Records supplied:
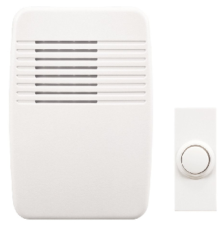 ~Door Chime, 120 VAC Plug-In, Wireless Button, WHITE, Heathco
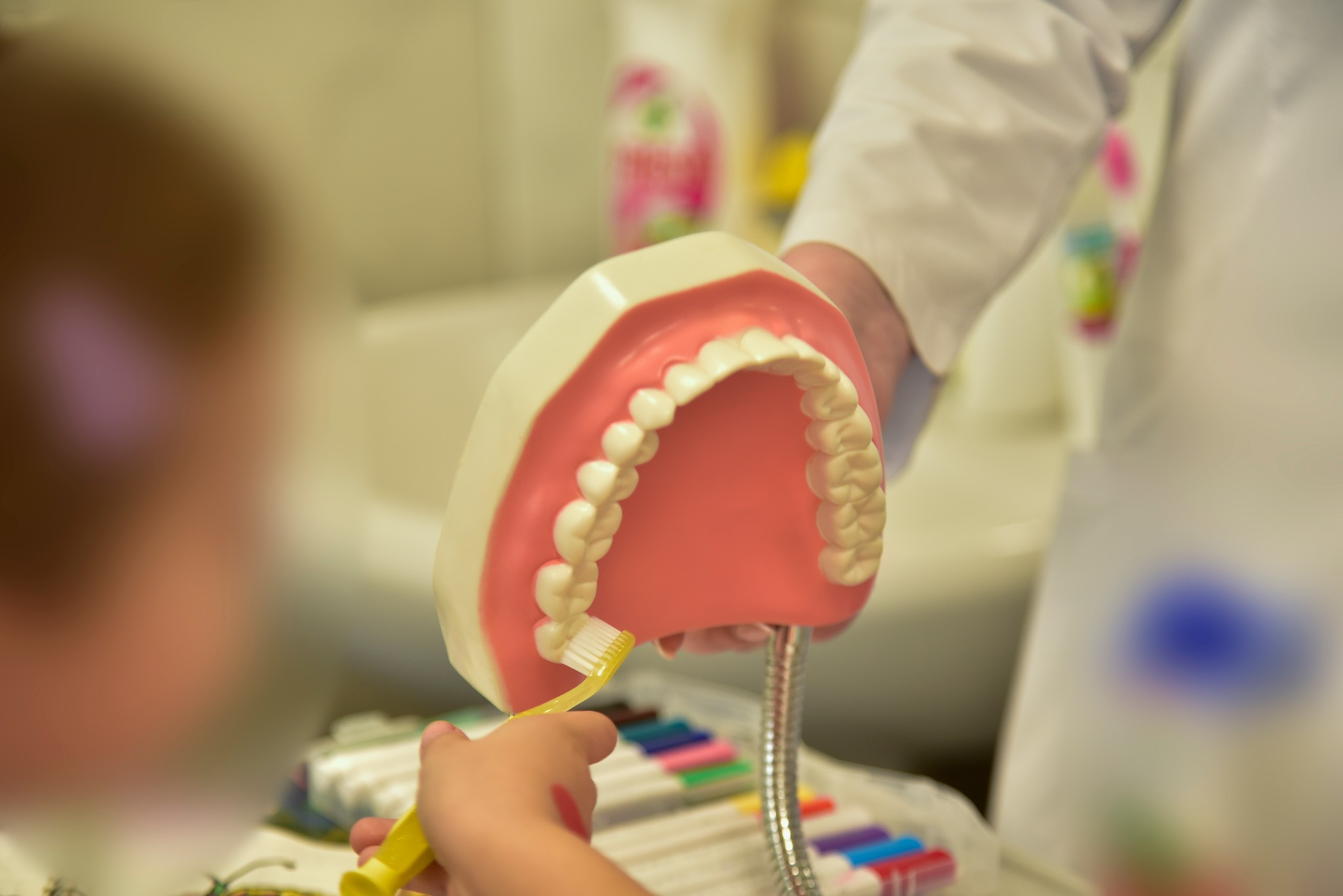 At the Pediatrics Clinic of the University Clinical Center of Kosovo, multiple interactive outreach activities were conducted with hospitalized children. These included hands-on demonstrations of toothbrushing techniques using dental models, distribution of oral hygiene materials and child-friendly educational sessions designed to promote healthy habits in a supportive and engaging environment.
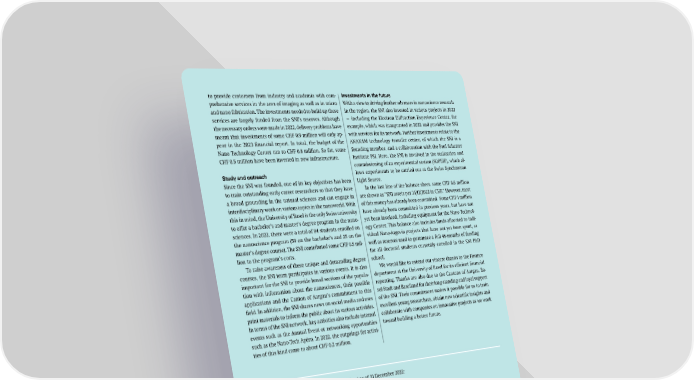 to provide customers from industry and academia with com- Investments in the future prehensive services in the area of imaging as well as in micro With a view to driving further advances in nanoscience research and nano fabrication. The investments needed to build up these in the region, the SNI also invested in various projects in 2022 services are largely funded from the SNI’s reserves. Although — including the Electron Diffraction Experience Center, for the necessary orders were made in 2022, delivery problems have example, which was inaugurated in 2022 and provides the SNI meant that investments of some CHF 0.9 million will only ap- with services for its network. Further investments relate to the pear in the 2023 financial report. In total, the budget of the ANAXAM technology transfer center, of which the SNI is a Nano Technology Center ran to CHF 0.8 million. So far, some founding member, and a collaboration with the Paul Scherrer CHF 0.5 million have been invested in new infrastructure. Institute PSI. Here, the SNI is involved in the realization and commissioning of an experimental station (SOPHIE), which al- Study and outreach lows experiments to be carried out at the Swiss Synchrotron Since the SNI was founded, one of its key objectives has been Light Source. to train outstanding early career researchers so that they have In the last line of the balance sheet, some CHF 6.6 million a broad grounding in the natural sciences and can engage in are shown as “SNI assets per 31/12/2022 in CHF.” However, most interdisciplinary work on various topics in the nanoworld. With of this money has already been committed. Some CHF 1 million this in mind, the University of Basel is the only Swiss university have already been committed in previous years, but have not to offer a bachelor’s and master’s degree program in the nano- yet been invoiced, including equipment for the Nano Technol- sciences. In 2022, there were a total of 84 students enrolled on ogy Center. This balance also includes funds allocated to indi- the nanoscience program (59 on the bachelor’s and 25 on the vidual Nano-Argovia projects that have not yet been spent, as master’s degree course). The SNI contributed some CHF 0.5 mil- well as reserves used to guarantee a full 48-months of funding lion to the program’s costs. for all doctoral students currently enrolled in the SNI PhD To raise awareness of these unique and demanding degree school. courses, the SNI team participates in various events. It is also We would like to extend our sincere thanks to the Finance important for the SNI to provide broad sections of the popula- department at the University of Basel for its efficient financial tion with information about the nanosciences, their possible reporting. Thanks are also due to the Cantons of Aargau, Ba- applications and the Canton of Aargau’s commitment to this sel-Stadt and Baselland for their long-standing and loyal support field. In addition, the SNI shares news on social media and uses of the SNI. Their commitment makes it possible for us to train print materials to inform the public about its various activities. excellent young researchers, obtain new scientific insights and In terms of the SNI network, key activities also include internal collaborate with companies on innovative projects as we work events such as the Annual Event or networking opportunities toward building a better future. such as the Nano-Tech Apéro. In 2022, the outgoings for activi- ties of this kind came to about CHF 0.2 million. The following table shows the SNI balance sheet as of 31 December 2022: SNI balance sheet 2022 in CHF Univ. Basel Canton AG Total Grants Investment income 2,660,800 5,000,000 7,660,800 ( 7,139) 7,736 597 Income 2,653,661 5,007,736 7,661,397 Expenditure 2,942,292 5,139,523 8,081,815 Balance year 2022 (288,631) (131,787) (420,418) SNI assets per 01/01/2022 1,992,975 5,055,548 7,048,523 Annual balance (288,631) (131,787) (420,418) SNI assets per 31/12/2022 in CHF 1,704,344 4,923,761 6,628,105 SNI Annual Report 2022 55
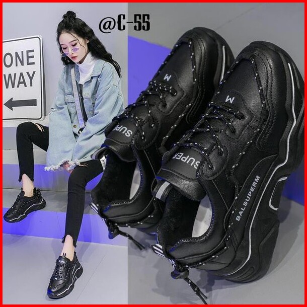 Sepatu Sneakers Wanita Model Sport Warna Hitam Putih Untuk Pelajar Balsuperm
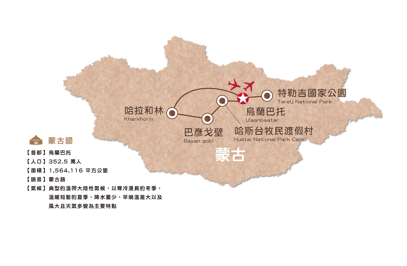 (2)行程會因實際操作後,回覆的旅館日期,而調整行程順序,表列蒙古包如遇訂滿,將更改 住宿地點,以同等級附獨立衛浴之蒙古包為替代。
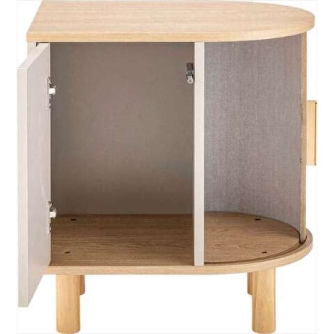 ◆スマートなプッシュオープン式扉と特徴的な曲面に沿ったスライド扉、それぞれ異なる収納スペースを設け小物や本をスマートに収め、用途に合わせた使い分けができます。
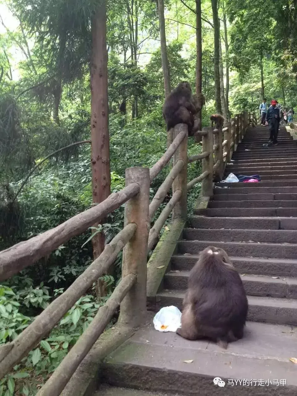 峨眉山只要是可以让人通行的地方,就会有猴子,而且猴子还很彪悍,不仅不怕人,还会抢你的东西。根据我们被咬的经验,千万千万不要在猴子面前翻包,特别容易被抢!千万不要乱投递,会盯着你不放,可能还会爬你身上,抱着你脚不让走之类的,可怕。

Work required: Given the listing above, return exactly, and only, the lines from the line with "(2)行程會因實際操作後,回" through its final line, both included, with the pictures removed.

Response to this exercise:
 (2)行程會因實際操作後,回覆的旅館日期,而調整行程順序,表列蒙古包如遇訂滿,將更改 住宿地點,以同等級附獨立衛浴之蒙古包為替代。
 ◆スマートなプッシュオープン式扉と特徴的な曲面に沿ったスライド扉、それぞれ異なる収納スペースを設け小物や本をスマートに収め、用途に合わせた使い分けができます。
 峨眉山只要是可以让人通行的地方,就会有猴子,而且猴子还很彪悍,不仅不怕人,还会抢你的东西。根据我们被咬的经验,千万千万不要在猴子面前翻包,特别容易被抢!千万不要乱投递,会盯着你不放,可能还会爬你身上,抱着你脚不让走之类的,可怕。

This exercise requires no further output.